In both physicians and nurses, depersonalization alone, and not emotional exhaustion, played a role in explaining the intention to leave. Emotional exhaustion, in some circumstances, is experienced as a mental state inherent in the work activity, while depersonalization appears to be more related to the sphere of psychopathology, representing a significant risk factor for the HCWs’ health54. The experience that occurred during the SARS-CoV-2 pandemic probably remains vivid among healthcare workers, with emotional exhaustion not undermining their commitment to continue their profession but rather reinforcing their bond to professional practice in emergency conditions.

The main strength of this study is including countries that provided a geographically balanced representation of different regions in Europe. In fact, the selected countries represent a wide range of healthcare systems: in Belgium there is a mix combining compulsory, comprehensive and universal public health insurance with freedom of choice and independent medical practice; in the Netherlands, the health demand is covered by basic insurance and long-term nursing and care, that are two statutory forms of insurance; in Poland, the mandatory health insurance is the primary source of public funding, which however is undersized in relation to the increasing population needs. Lastly, the Italian National Health Service is inspired by the principles of universality, equality and equity through the provision of essential levels of care accessible free of charge to the whole population and in a uniform way. The last available Euro Health Consumer Index score (2018) was the highest in the Netherlands (883), while Belgium (849), Italy (687), and Poland (585) showed lower scores. Compared to the EU average health expenditure in proportion to GDP (9.8%), Belgium and the Netherlands invested a higher proportion of their GDP on health (10.3% and 10.0%, respectively), while Italy (8.8%) and Poland (5.2%) ranked below the EU average.

This study provided a validated tool to assess the intention to leave phenomenon in European hospital HCWs.

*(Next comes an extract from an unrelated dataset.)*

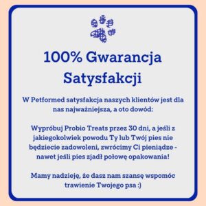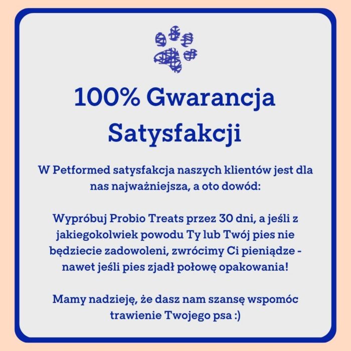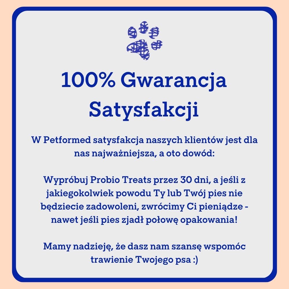 Oferujemy 30-dniowy okres próbny. Oznacza to, że po zakupie masz 30 dni na zwrot produktu bez podawania przyczyny, nawet jeśli Twój pies zjadł połowę przysmaków w paczce!

One study limitation is the imbalance in the number of physicians and nurses, which may have contributed to some differences in the significant determinants of turnover intention. However, the lower response rate of physicians, as compared to nurses, is not uncommon on this topic, and previous studies have also observed this imbalance. For example, the two HCWs’ categories have been represented in a 1:3 ratio36, 1:4 ratio22,55 or 1:6 ratio39 in former studies. This imbalance could also be responsible for a selection bias that can occur if the most motivated subjects to partake in the survey were, at the same time, those less likely to intend to leave. Similarly to our study, a high response rate has often been found associated with a low percentage of turnover intentions41,56,57. This would suggest that the real extent of the phenomenon for physicians could have been underestimated by our survey. Moreover, the cross-section study design prevents us from making interpretations of causal relations among determinants of turnover intentions. Finally, further research will be addressed to investigate worker’s and hospital’s level determinants for turnover intention and to deepen differences across countries.

Conclusions

The study provided estimates on the prevalence of the intention to leave the hospital and the profession among physicians and nurses, highlighting at the same time how the hospital context determined a greater turnover intention in doctors, while for nurses the discomfort appeared to be prevalently linked to the professional practice itself.

Furthermore, our findings suggested the important role of depersonalization in explaining the intention to leave in both the HCWs’ categories and confirmed previous studies indicating work engagement as a determinant of nurses’ intention to leave.

In conclusion, based on the evidence provided by this cross-sectional study, the management at the micro (ward), meso (hospital) and macro (policy) levels are called to define appropriate recruitment and retention policies, specifically for nurses and physicians, in consideration that job satisfaction, work engagement and a good working climate, they all appear to be strategic factors in promoting the job retention.